### Source data
==*==
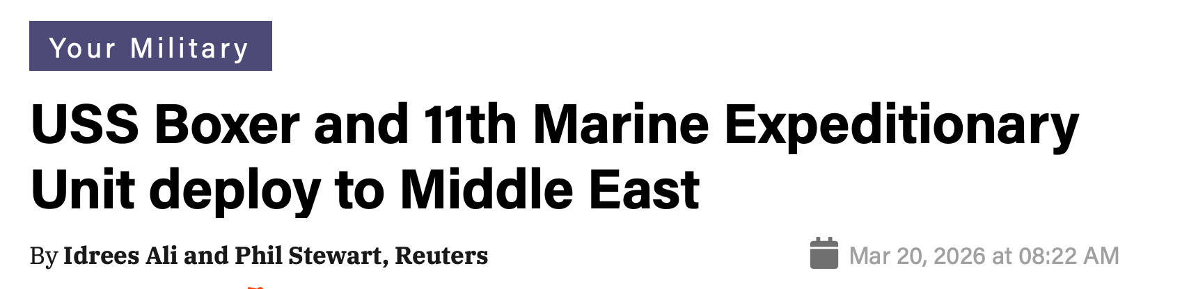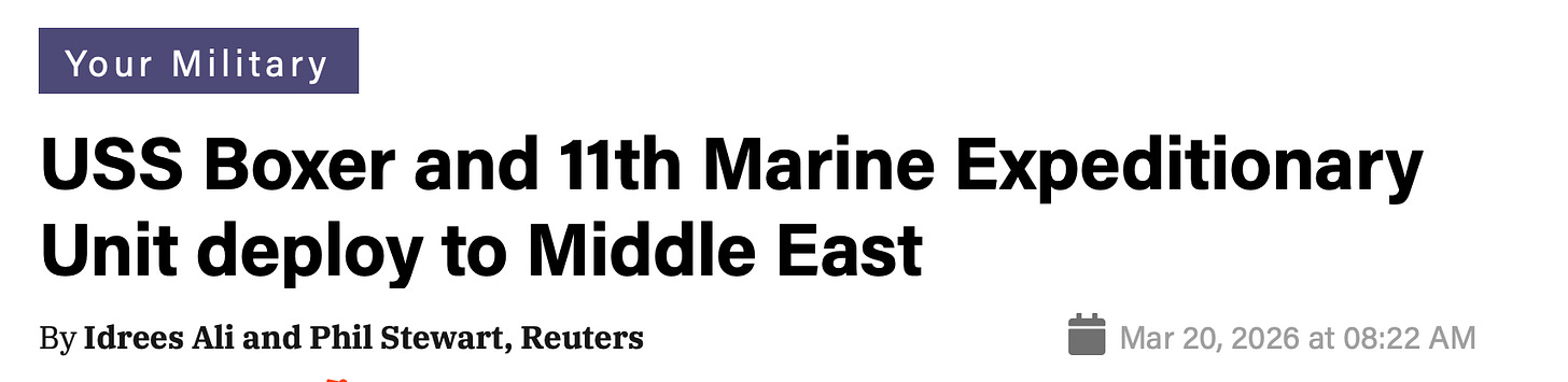 So the USS Boxer joins the USS Tripoli and its MEU in the Gulf. We won’t speculate what the MEUs will be used for (e.g., Kharg Island or the shoreline next to Strait of Hormuz), but just simply look at timing. It takes about 3 weeks for an MEU to sail from the West Coast to the Gulf. USS Tripoli will arrive before that (sometime next week), but even if it’s successful in gaining a tactical victory and taking a strategic foothold, would that compel the Iranian’s to lay down and accept a full ceasefire and peace accord? Doubtful, which means this excursion likely drags on for another 3-4 weeks.
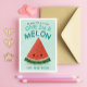 Klassrummet Valentine i en blå färgruta för skolvänner med söt, handillustrerad vattenmelon och skarpt budskap.
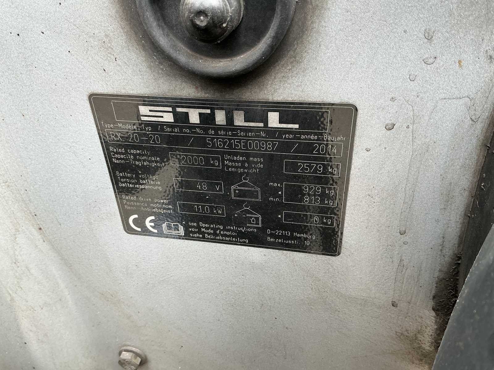 Telescopische Vorken Merk: STILL Type: RX20-20 Bouwjaar: 2014 Serienummer: 516215E00987 Mast: Niho Aantal wielen: 3 Afgelezen urenstand: 7938 Free-lift: true Duplex mast: true Hefvermogen: 2000kg Lepellengte: 1420mm Hefhoogte: 3270mm Minimale doorrijhoogte: 2160mm
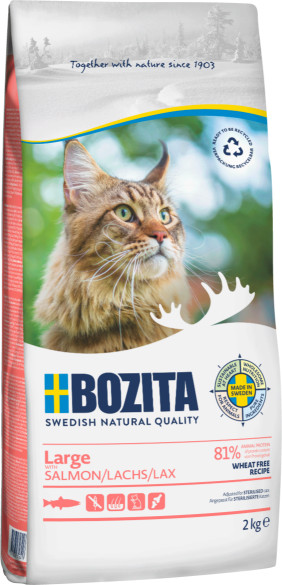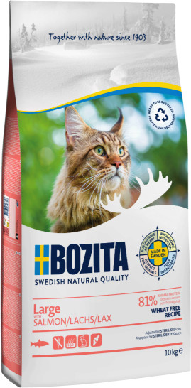 Bozita Large mit Lachs Katzenfutter ist ein komplettes, weizenfreies Futter mit köstlichem, frisch zubereitetem Lachs. Ideale Nahrung für große und langhaarige Katzen!
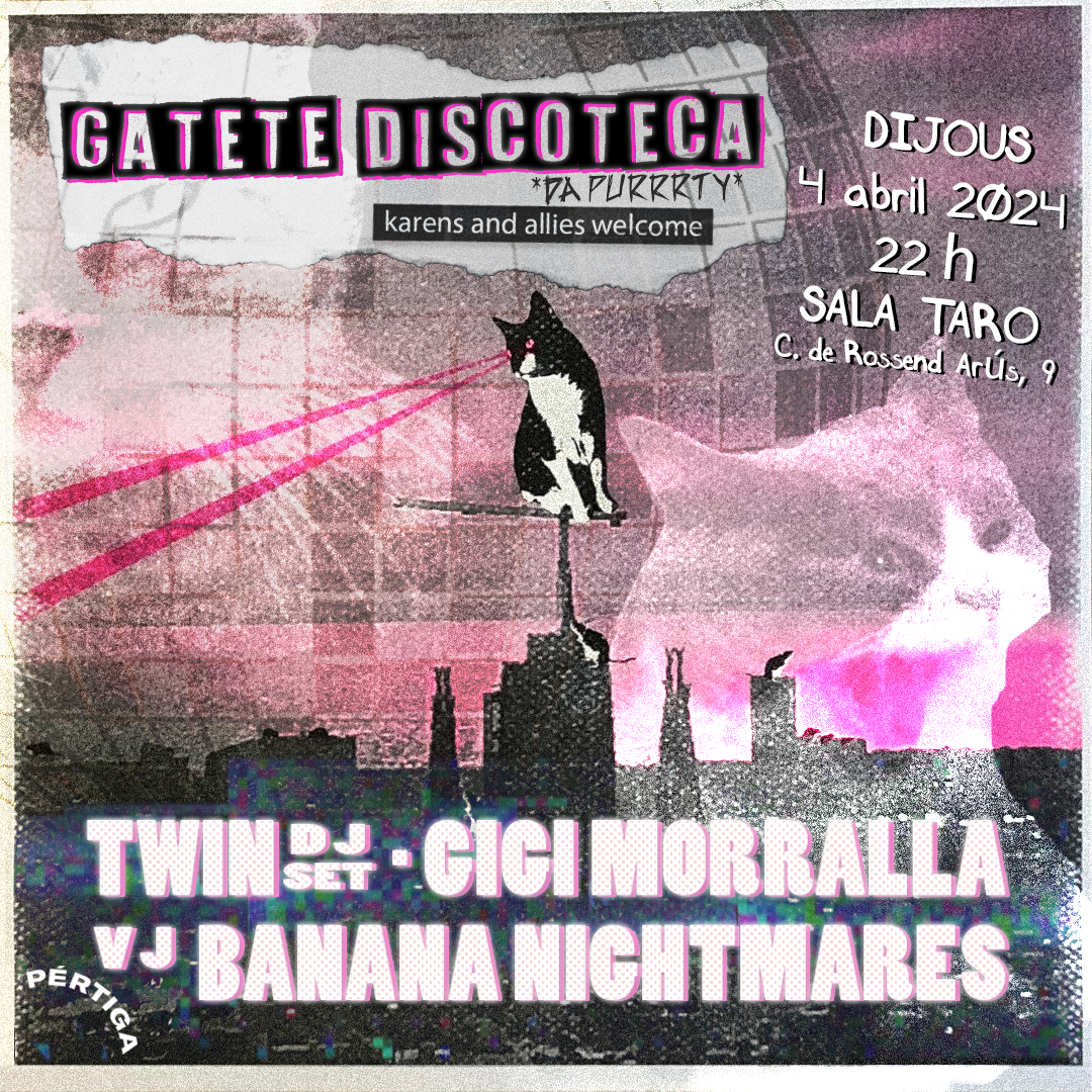 «Gatete discoteca» és una celebració del moviment erràtic, anàrquic, espontani i espasmòdic en la pista de ball. Una invocació col·lectiva a l’arbitrarietat que ens conforma, a la dansa descompassada de molècules i ions. Al xocar, el frec, l’espetegar, el repicar. A la contracció i expansió dels cossos. Una invitació a lliscar-nos entre visuals desprotegits de coherència, i sons orquestrats des del ‘jaleo’. Un caos cerimonial. És la festa que no requereix experiència ni coneixements previs.
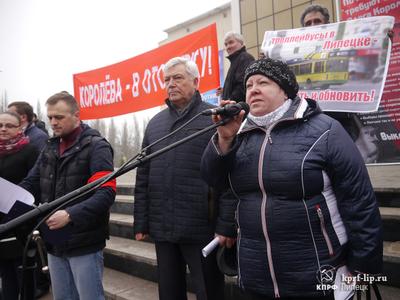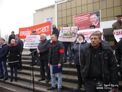 На митинге выступили первый секретарь Липецкого ГК КПРФ, депутат Липецкого облсовета Анатолий Сиротин, дальнобойщик, коммунист Геннадий Платонов, председатель первичной организации профсоюза работников пассажирского автотранспорта Татьяна Вострикова, активист общественной организации из Данкова «Мы и Власть» Пётр Алымов, комсомолка Евгения Платонова, дальнобойщик Андрей Новиков, предприниматель Наталья Сычёва, депутаты Липецкого облсовета Татьяна Копылова и Сергей Токарев, руководитель фракции КПРФ в облсовете, первый секретарь Липецкого ОК КПРФ Н.В. Разворотнев.
==*==
### Assigned task
Copy the records exactly. Skip the images.

### The completed task
 So the USS Boxer joins the USS Tripoli and its MEU in the Gulf. We won’t speculate what the MEUs will be used for (e.g., Kharg Island or the shoreline next to Strait of Hormuz), but just simply look at timing. It takes about 3 weeks for an MEU to sail from the West Coast to the Gulf. USS Tripoli will arrive before that (sometime next week), but even if it’s successful in gaining a tactical victory and taking a strategic foothold, would that compel the Iranian’s to lay down and accept a full ceasefire and peace accord? Doubtful, which means this excursion likely drags on for another 3-4 weeks.
 Klassrummet Valentine i en blå färgruta för skolvänner med söt, handillustrerad vattenmelon och skarpt budskap.
 Telescopische Vorken Merk: STILL Type: RX20-20 Bouwjaar: 2014 Serienummer: 516215E00987 Mast: Niho Aantal wielen: 3 Afgelezen urenstand: 7938 Free-lift: true Duplex mast: true Hefvermogen: 2000kg Lepellengte: 1420mm Hefhoogte: 3270mm Minimale doorrijhoogte: 2160mm
 Bozita Large mit Lachs Katzenfutter ist ein komplettes, weizenfreies Futter mit köstlichem, frisch zubereitetem Lachs. Ideale Nahrung für große und langhaarige Katzen!
 «Gatete discoteca» és una celebració del moviment erràtic, anàrquic, espontani i espasmòdic en la pista de ball. Una invocació col·lectiva a l’arbitrarietat que ens conforma, a la dansa descompassada de molècules i ions. Al xocar, el frec, l’espetegar, el repicar. A la contracció i expansió dels cossos. Una invitació a lliscar-nos entre visuals desprotegits de coherència, i sons orquestrats des del ‘jaleo’. Un caos cerimonial. És la festa que no requereix experiència ni coneixements previs.
 На митинге выступили первый секретарь Липецкого ГК КПРФ, депутат Липецкого облсовета Анатолий Сиротин, дальнобойщик, коммунист Геннадий Платонов, председатель первичной организации профсоюза работников пассажирского автотранспорта Татьяна Вострикова, активист общественной организации из Данкова «Мы и Власть» Пётр Алымов, комсомолка Евгения Платонова, дальнобойщик Андрей Новиков, предприниматель Наталья Сычёва, депутаты Липецкого облсовета Татьяна Копылова и Сергей Токарев, руководитель фракции КПРФ в облсовете, первый секретарь Липецкого ОК КПРФ Н.В. Разворотнев.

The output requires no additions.